You should carefully read and consider the risk factors under Item 1A beginning on page 9 of our Annual Report on Form 10-K for the year ended November 30, 2022 for risks relating to investment in the Company’s securities.

 

Neither the SEC nor any state securities commission has approved or disapproved of these securities or passed upon the adequacy or accuracy of the Prospectus or this Supplement. Any representation to the contrary is a criminal offense.

 

The information set forth under the caption “Selling Stockholders” in the Prospectus is amended and restated in its entirety as set forth below and is provided for the primary purpose of updating the table of selling stockholders contained in the Prospectus.

 

The date of this Supplement is November 8, 2023

 

 

 

 

SELLING STOCKHOLDERS

 

The following table sets forth, as of November 6, 2023, (a) the name and position or positions with the Company of each Selling Stockholder; (b) the aggregate of (i) the number of shares of Common Stock held by each Selling Stockholder as of the date of this Supplement and (ii) the number of shares issuable upon exercise of options and vesting of restricted stock units granted to each Selling Stockholder under the Plans, as supplemented by this Supplement, for resale by each Selling Stockholder as of the date of this Supplement; (c) the number of shares of Common Stock that each Selling Stockholder may offer for sale from time to time pursuant to the Prospectus, as supplemented by this Supplement, whether or not such Selling Stockholder has a present intention to do so; and (d) the number of shares of Common Stock to be beneficially owned by each Selling Stockholder following the sale of all shares that may be so offered pursuant to the Prospectus, as supplemented by this Supplement, assuming no other change in ownership of Common Stock by such Selling Stockholder after the date of this Supplement.
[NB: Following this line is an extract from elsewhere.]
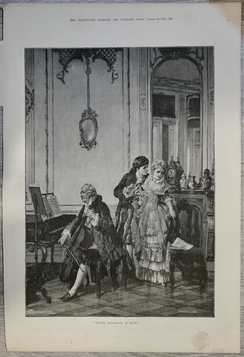 Elegant antique print from The Illustrated Sporting and Dramatic News (December 1888), depicting a refined 18th-century interior scene. The illustration shows a cellist absorbed in performance, while a young aristocratic couple stands nearby, sharing a subtle, intimate interaction that adds narrative depth to the composition. The setting is richly detailed, with ornate mirrors, paneling, and decorative objects that evoke the elegance of the period.
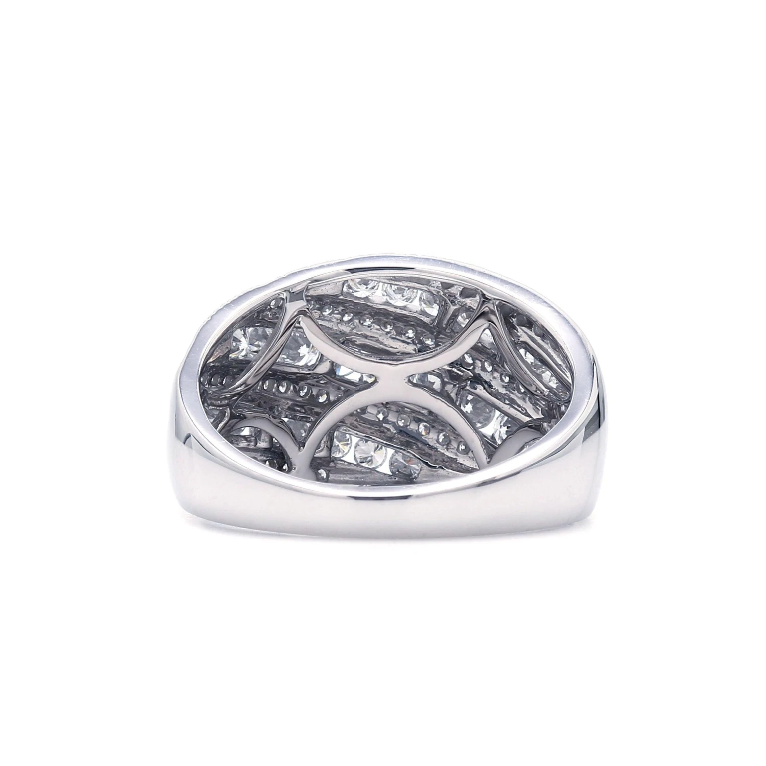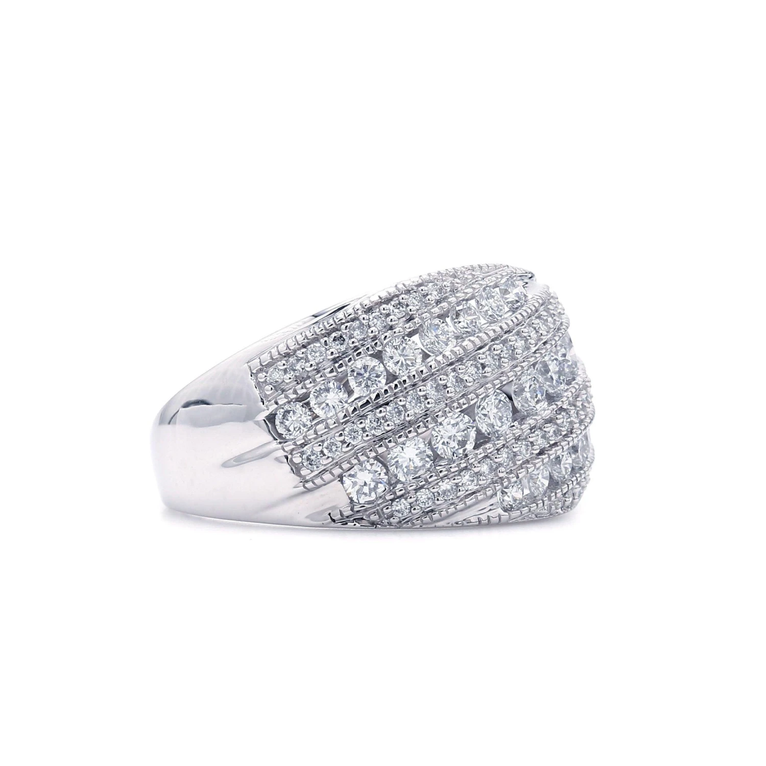A striking band style. This 1.00 carat total weight band features alternating rows of wide and slender lab grown diamonds in a wide band fashion. The lab grown diamonds have a sparkling F-G coloring and VS-SI ranking. This fashionable 14K gold ring is a great look any time.

Unless otherwise indicated, beneficial ownership is direct and the person indicated has sole voting and investment power.

 

The selling stockholders are our current and former directors and officers (or any of their respective assigns) who have acquired or may acquire in the future shares of our common stock under the Plans. The selling stockholders may, from time to time, resell all or a portion of the shares of our common stock covered by this reoffer prospectus. There is no assurance that any of the selling stockholders will sell any or all of the shares offered by them under this reoffer prospectus. The address for each of the selling stockholders listed below is c/o Surge Components Inc., 95 Jefryn Boulevard, Deer Park, New York, 11729. Any changed information will be set forth in an amendment to the registration statement or supplement to this reoffer prospectus, to the extent required by law.

 

Name  Position  Number of
Shares
Owned
Prior to
the
Offering(1)
   Number of
Shares
Included
in this
Offering(2)
   Number of
Shares to
be Owned
After
Completion
of the
Offering(3)
   Percentage
of Shares
to be
Owned
After
Completion
of the
Offering(4)
 
Ira Levy  CEO and Director   1,365,202    107,341    1,257,861   22.70%
Steven J. Lubman  Vice President and Director   1,111,952    100,838    1,011,114    18.25%
Lawrence Chariton  Director   192,573    35,000    157,573    2.84%
Alan Plafker  Director   46,334    20,000    26,334    *%
Gary Jacobs  Director   182,000    55,000    127,000    2.29%
Peter Levy  Director   35,000    35,000    0    *%
Martin Novick  Director   35,000    35,000    0    *%

 

 

  * Less than 1%.
     
  (1) The shares owned by a person include shares owned by the individual as well as shares granted, or exercisable upon the exercise of options granted to the selling stockholder under the Plans, whether or not such options vest or become exercisable (as applicable) within 60 days of the date of this reoffer prospectus.
  (2) The amounts for each selling stockholder assume full vesting and exercise of all outstanding options to purchase common stock held by such selling stockholder.
  (3) Assumes that all shares offered hereby are sold but no other securities held by selling stockholders are sold.
  (4) This table has been prepared based on 5,541,342 shares of common stock outstanding as of November   2023.